Receiver Hopes Ticket Tout’s A Test Case

The official receiver appointed to wind up Ticket Tout hopes the Internet trader’s bankruptcy may help persuade culture secretary Tessa Jowell to introduce laws to curb the secondary market.

"Hopefully, your industry may be willing to use this as a case study to strengthen the case for regulation," Lane Bednash told Pollstar after the office he set up to deal with fan complaints was swamped with calls within a matter of days.

Bednash, who’s investigating Ticket Tout’s affairs with Valentine & Co. colleague Mark Reynolds, said the company’s debts might be more than the £1.5 million he originally estimated.

"We had received over 9,000 calls by Wednesday lunchtime [March 14th], since opening on Friday morning; 1,825 were dealt with by the call centre. Of that 1,825, at least 500 calls were from new creditors that we hadn’t been informed of by the director – the list grows, as does the aggregate quantum of customer claims," he explained.

"I was only appointed as administrator a week ago, but even in that short time I’d have to say that I’ve never seen a business in so much need of regulation."

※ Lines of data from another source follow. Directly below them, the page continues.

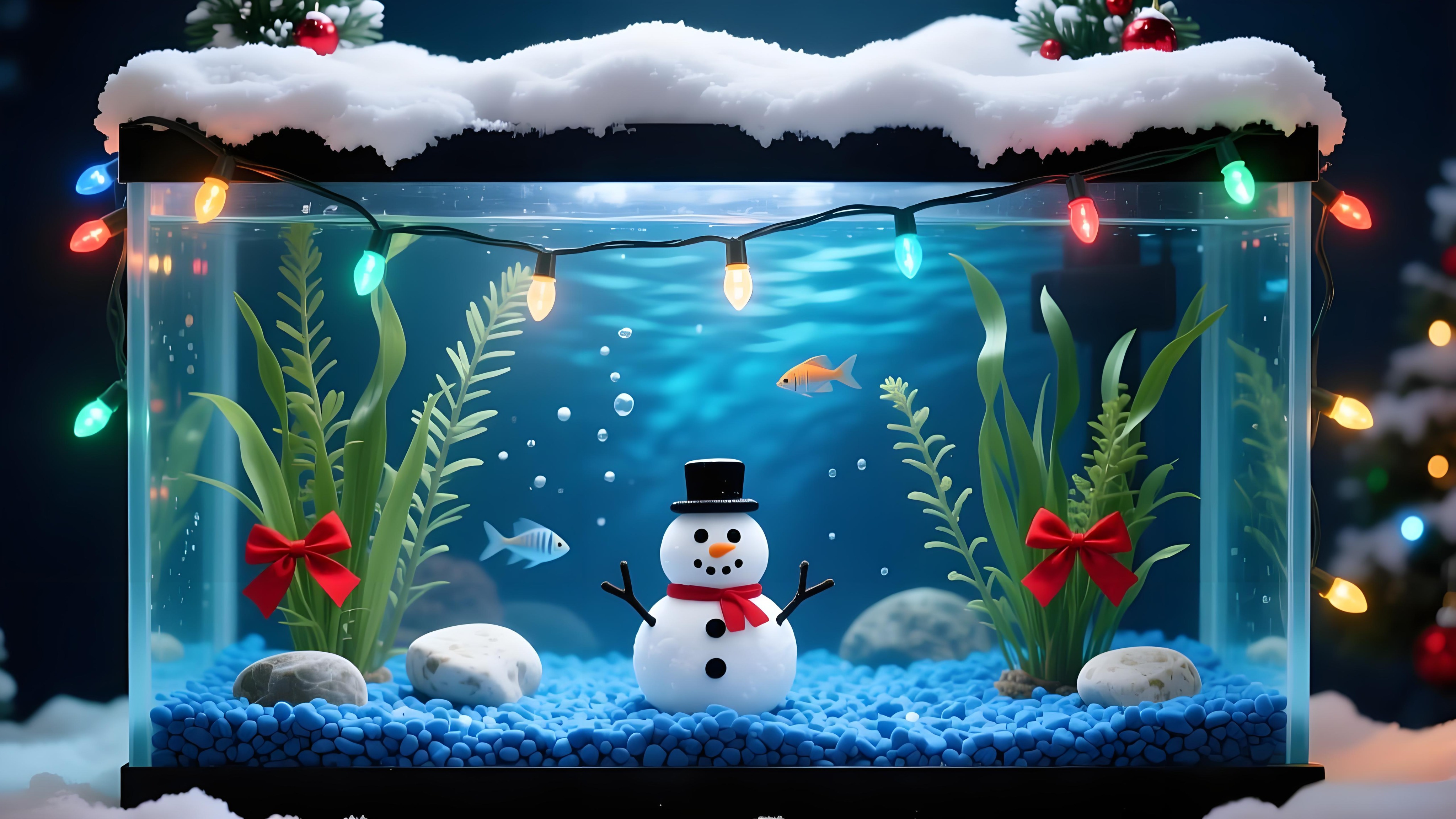 This festive Christmas fish tank wallpaper is a charming blend of winter magic and aquatic serenity. The tank’s top is dusted with "snow," while string lights in red, green, and blue wrap around the edges, casting a warm glow. Inside, vibrant green seaweed sways gently, and small orange and silver fish dart through the water, surrounded by smooth stones and bubbling air. A snowman figurine with a red bow tie stands in the center, flanked by red bows on the seaweed, while blue gravel at the bottom completes the underwater scene. It’s a perfect blend of holiday cheer and calming aquatic life, ideal for brightening your desktop this winter.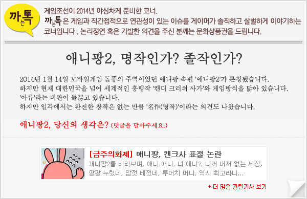... “애니팡2, 명작인가? 졸작인가?”라는 논제에 맞게이용자는 자유롭게 의견을 개진하면 된다. ‘까는톡’은 (http://www. gamechosun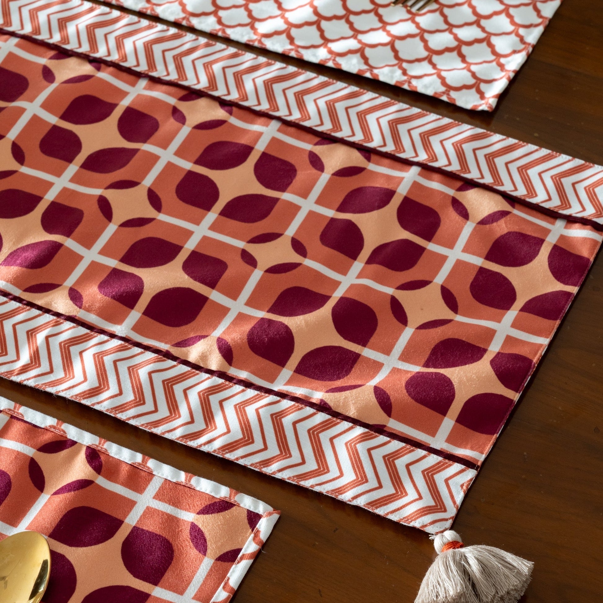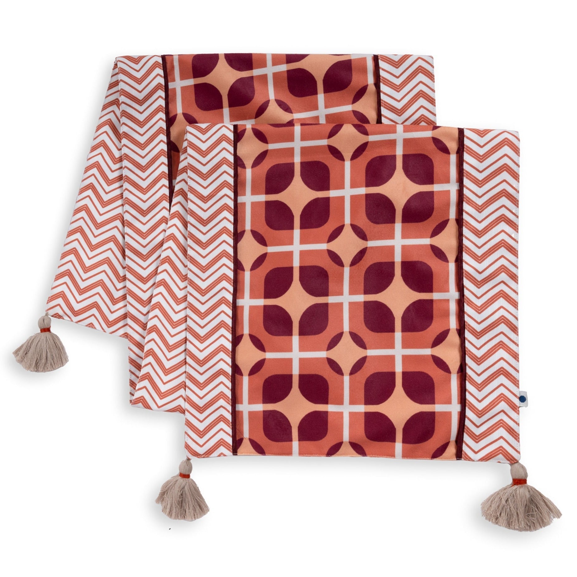 Introducing our Terra Tangle Table Runner, a captivating blend of earthy warmth and geometric intrigue. The deep rust tones of this table runner evoke the essence of rich, terracotta landscapes, while the intricate geometric pattern adds a contemporary twist.
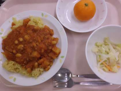 チリビーンズライス・牛乳・キャベツサラダ・くだもの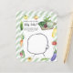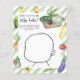 "Auf dem Weg ist ein lokal erwachsenes Baby". Feiern Sie mit diesem Baby-Dusche-Party zum Thema Wasserfarbe! Aquarellkuschel, Zwiebeln, Auberginen, Zucchini, gelbe und rote Tomaten, Rettich, Karotten, heißer Paprika, süß-gelber Paprika, Erbsen und Kohl, Brokkoli und Rüben auf einem Schneidebrett. Bio Wasserfarbenernte.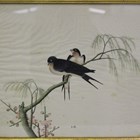 Two Chinese school trade watercolour paintings on paper, early 19th century, one depicting a stork-billed kingfisher perched on a blossoming branch, the other depicting a pair of swallows on a willow branch above pink prunus, both signed, 31.5cm x 38cm, framed and glazed.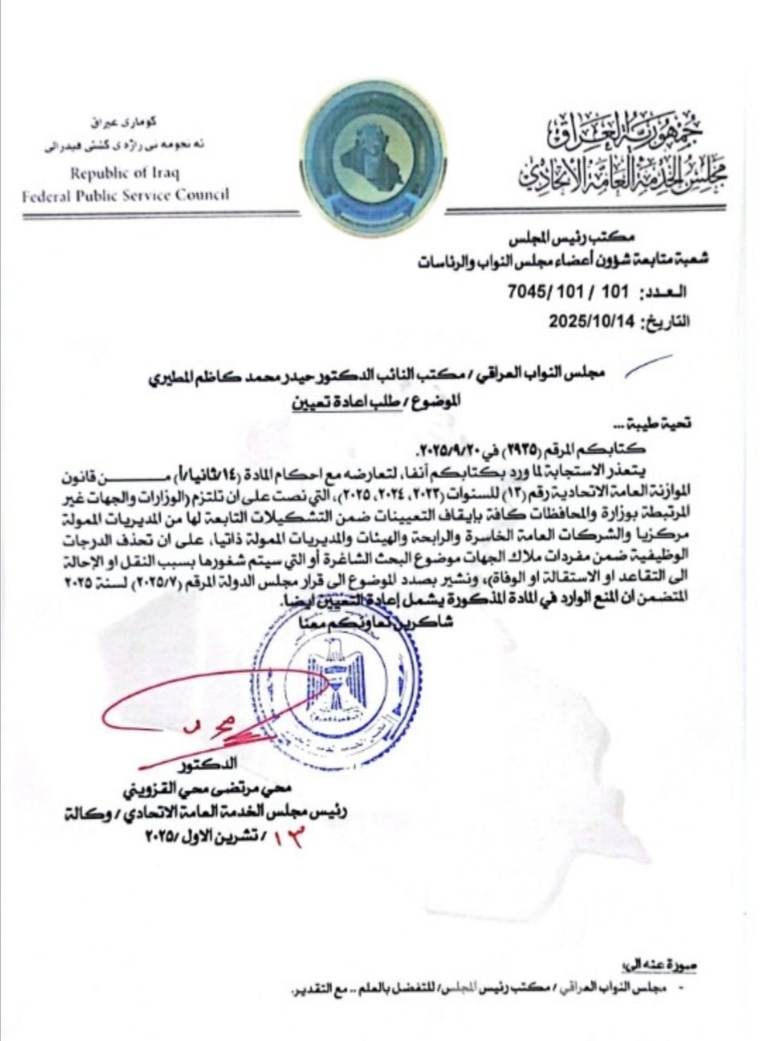 مجلس الخدمة الاتحادي: لا إمكانية لإعادة التعيين بسبب أحكام الموازنة العامة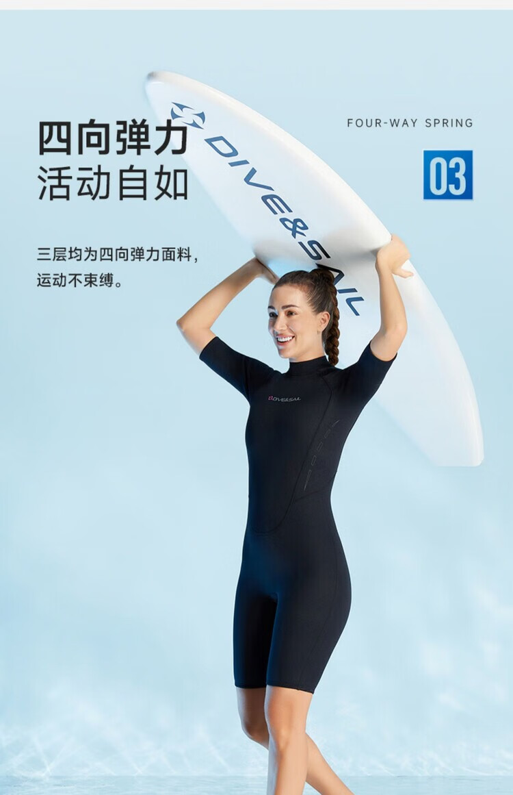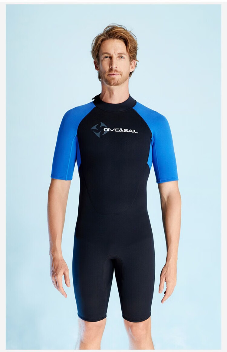 Triathlon Swimming Coldproof Gel Jacket Plus Size Couple 1.5MM Warm One-piece Diving Suit Men's Snorkeling Free Diving (Male) 132213 Black and Blue 1.5MM Back Open Short One-piece European Version S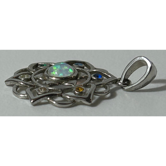 Sterling Silver Lotus Mandala Pendant with Opal & Multi-Gem Accents 1"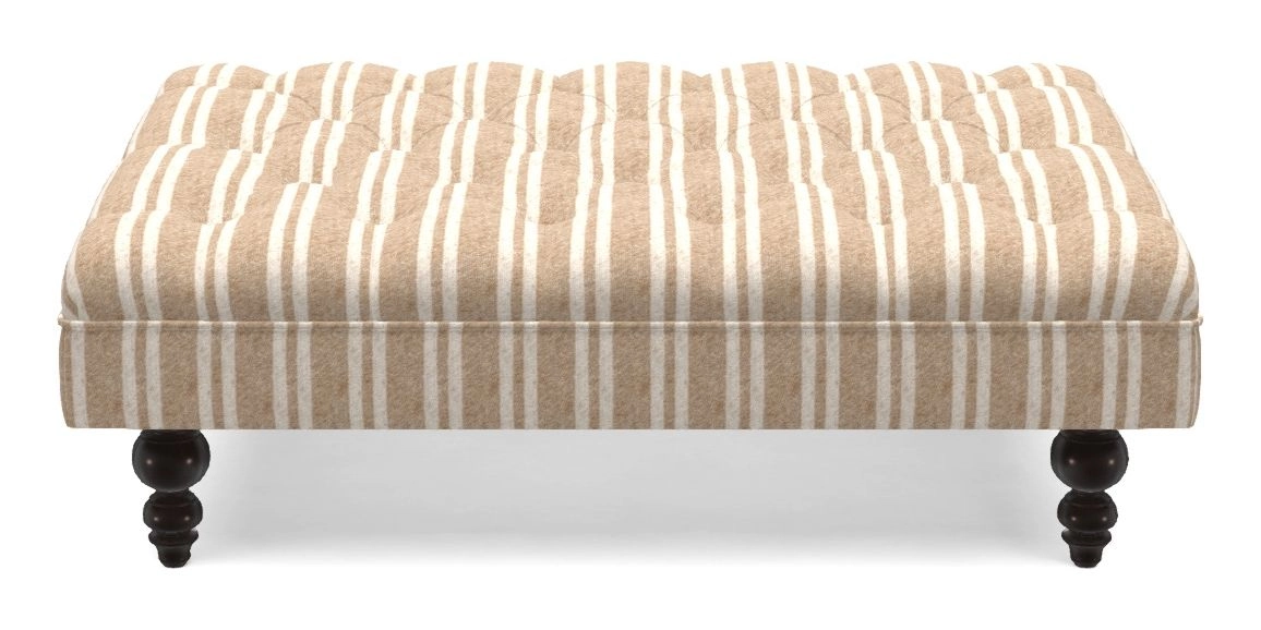 A traditionally styled, large, low rectangular footstool featuring classic buttoning and solid hardwood turned feet.
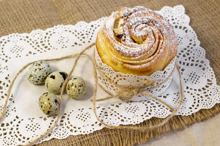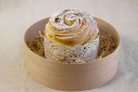 Easter Craffin dusted with powdered sugar. Kulich, pie wrapped in paper. Easter cupcake with powdered sugar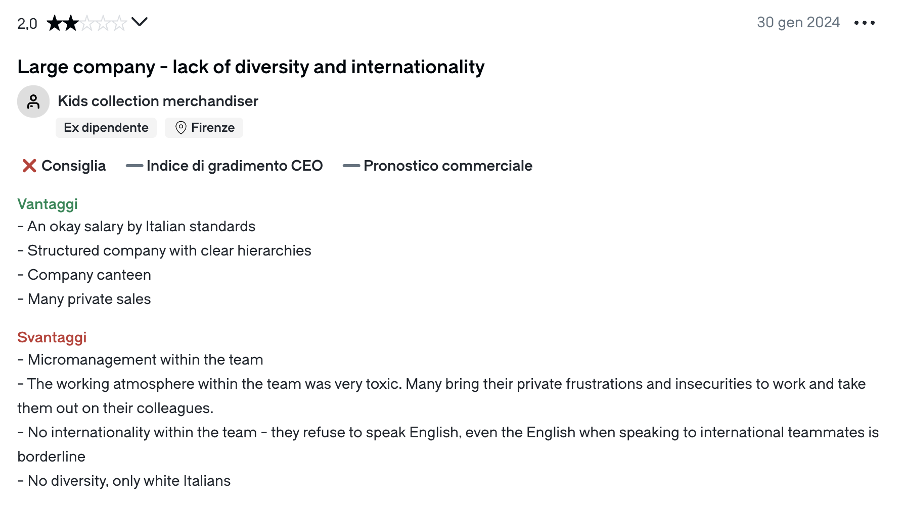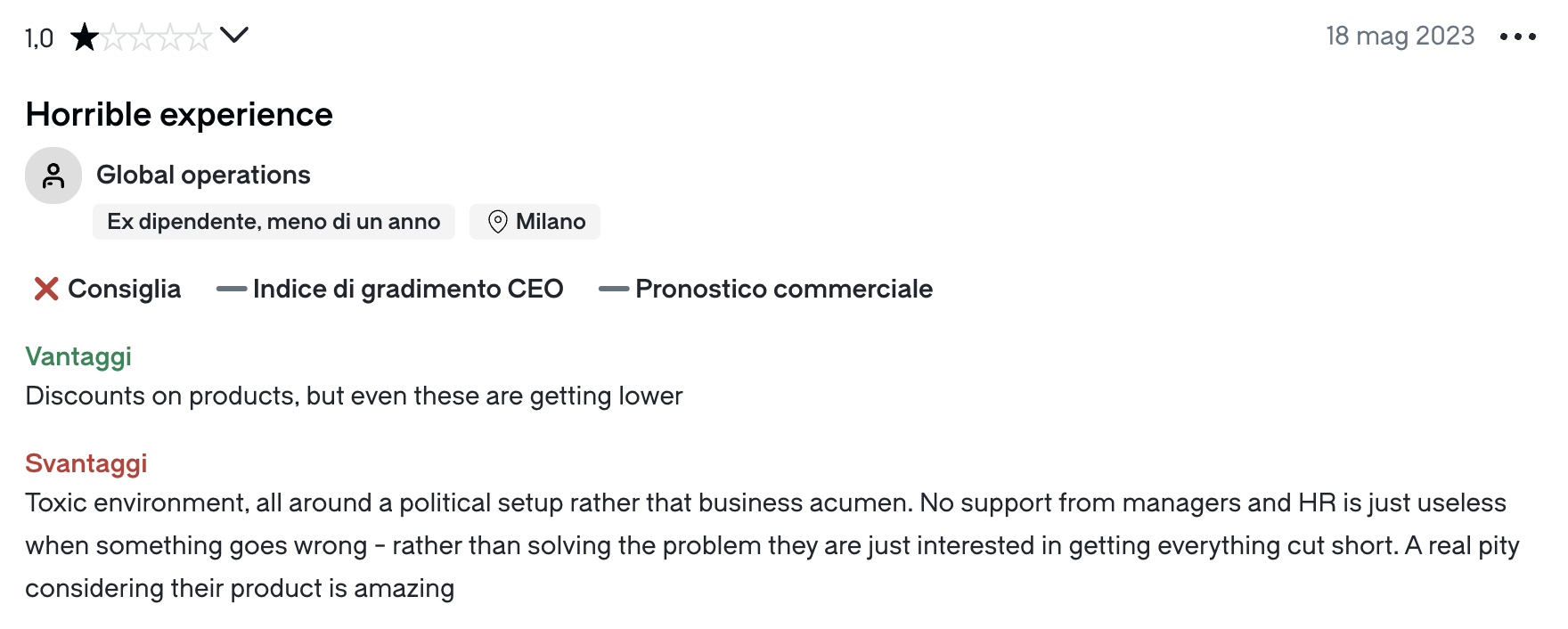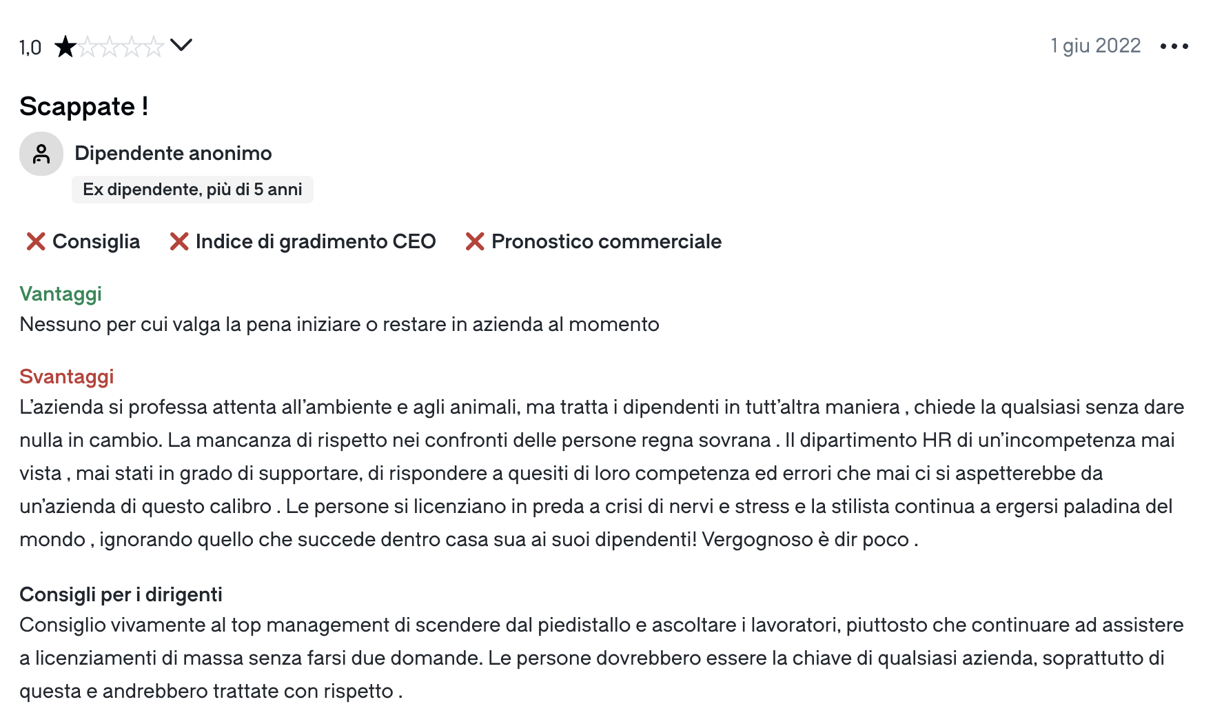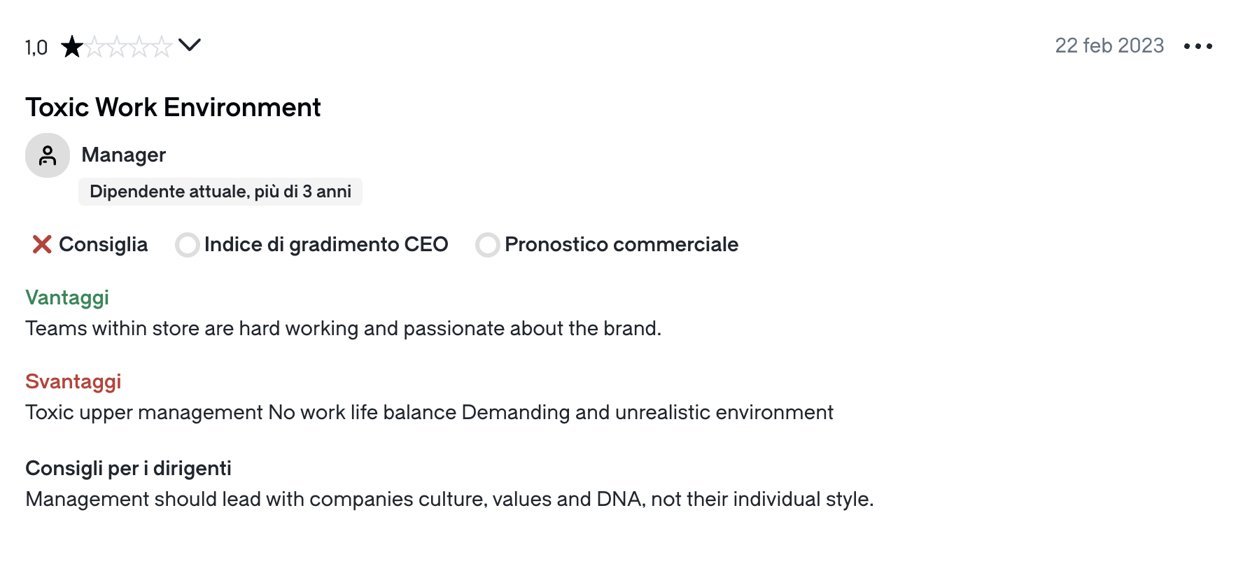 Quant aux grands groupes, LVMH et Kering maintiennent des scores généralement élevés, avec respectivement 3,9 et 3,7 étoiles, accompagnés de nombreux avis exprimant un grand respect pour le lieu de travail. Cependant, certaines disparités émergent au sein du Groupe Prada : tandis que Miu Miu peine à dépasser les 3 étoiles, avec de nombreuses critiques adressées à la direction, Prada se conforme à la moyenne des marques de luxe, obtenant 3,5 étoiles. Néanmoins, aucune marque n'est à l'abri des nombreux avis négatifs signalant des horaires de travail frénétiques, un équilibre entre vie professionnelle et vie privée quasiment inexistant et, dans certains cas, des abus verbaux de la part des dirigeants.

After spending a year consulting with the live music industry, sport organisations and associated ticketing businesses, Jowell determined fans don’t want the government to "over intervene," despite calls for action from Tory opposition MPs and one from her own ranks.

John Robertson, the Labour MP for Glasgow North West, told the House of Commons it was time the government did something about secondary selling and made sure "the people who do it end up in jails."

At press time, Pollstar was waiting to hear if the collapse of Ticket Tout (and Bednash’s comments) would cause Jowell’s department for culture, media and sport to reconsider.

Bednash is investigating the links between the bankrupt tout and GetMeTickets, another Internet site that went bust a year ago.

Ticket Tout managing director Caroline Beale worked for GetMeTickets boss Michael Rangos, but she’s categorically denied that he had any connection with her new and now bankrupt company.

Ticket Tout was incorporated at Companies House February 13, 2006, within days of GetMeTickets going bust. But at the time, Beale sent Pollstar a statement warning that she’d "pursue legally any untrue allegations that portray our company [Ticket Tout Ltd.] in a negative way."

She failed to respond to subsequent e-mails asking more detailed questions on the matter.

The Department of Trade & Industry (DTI) shut down GetMeTickets because it wasn’t in the public interest for the company to continue trading.

It raided the company’s London offices, seized assets and company records and found it didn’t have sufficient stock to supply all the customers who ordered and paid for tickets.

Rangos and his secondary market ticketing businesses have twice been investigated by the BBC’s Watchdog programme.

Bednash is concerned that "the Ticket Tout business" is already being carried on elsewhere under a new name. He said that unless something is done to stamp out this practice, it will inevitably happen again.

U.K. concert promoters including Rob Ballantine (SJM Concerts), Geoff Ellis (DF Concerts) and Stuart Galbraith (Live Nation) are already annoyed that Jowell spent a year consulting with the industry and then chose to ignore most of what it was telling her.

Geoff Huckstep, chairman of the National Arenas’ Association, said the collapse of Ticket Tout "comes as no real surprise."

"This is just another example of unauthorised ‘secondary ticket’ agents fleecing the public and it is why the live music industry is imploring Tessa Jowell to take positive action by implementing the code of practice agreed by all the parties involved in the ticket touting summit meetings – including eBay," Huckstep said.

"If she enforced the protocol it would eliminate the majority of the problems associated with the unofficial market that members of the NAA experience at virtually every gig, such as touts not turning up at venues to meet their buyers, tickets sold at a premium, such as ‘front row’ but in less attractive sections, forged tickets and so on.

"Our advice to concertgoers is don’t take the risk. Buy your tickets from the venue or through the official ticket sales sources as advertised on the publicity material for the show."

With Ticket Tout debts nudging past the £1.5 million mark, and the number of out-of-pocket fans rising on a daily basis, Bednash will also be looking into where the money went. The company isn’t in a financial position to supply the tickets it’s already sold and been paid for.

"According to representations from the director, the tickets have not been issued or delivered to Ticket Tout as most of the claims relate to future events where the tickets have yet to be released from the promoters and box offices," he explained.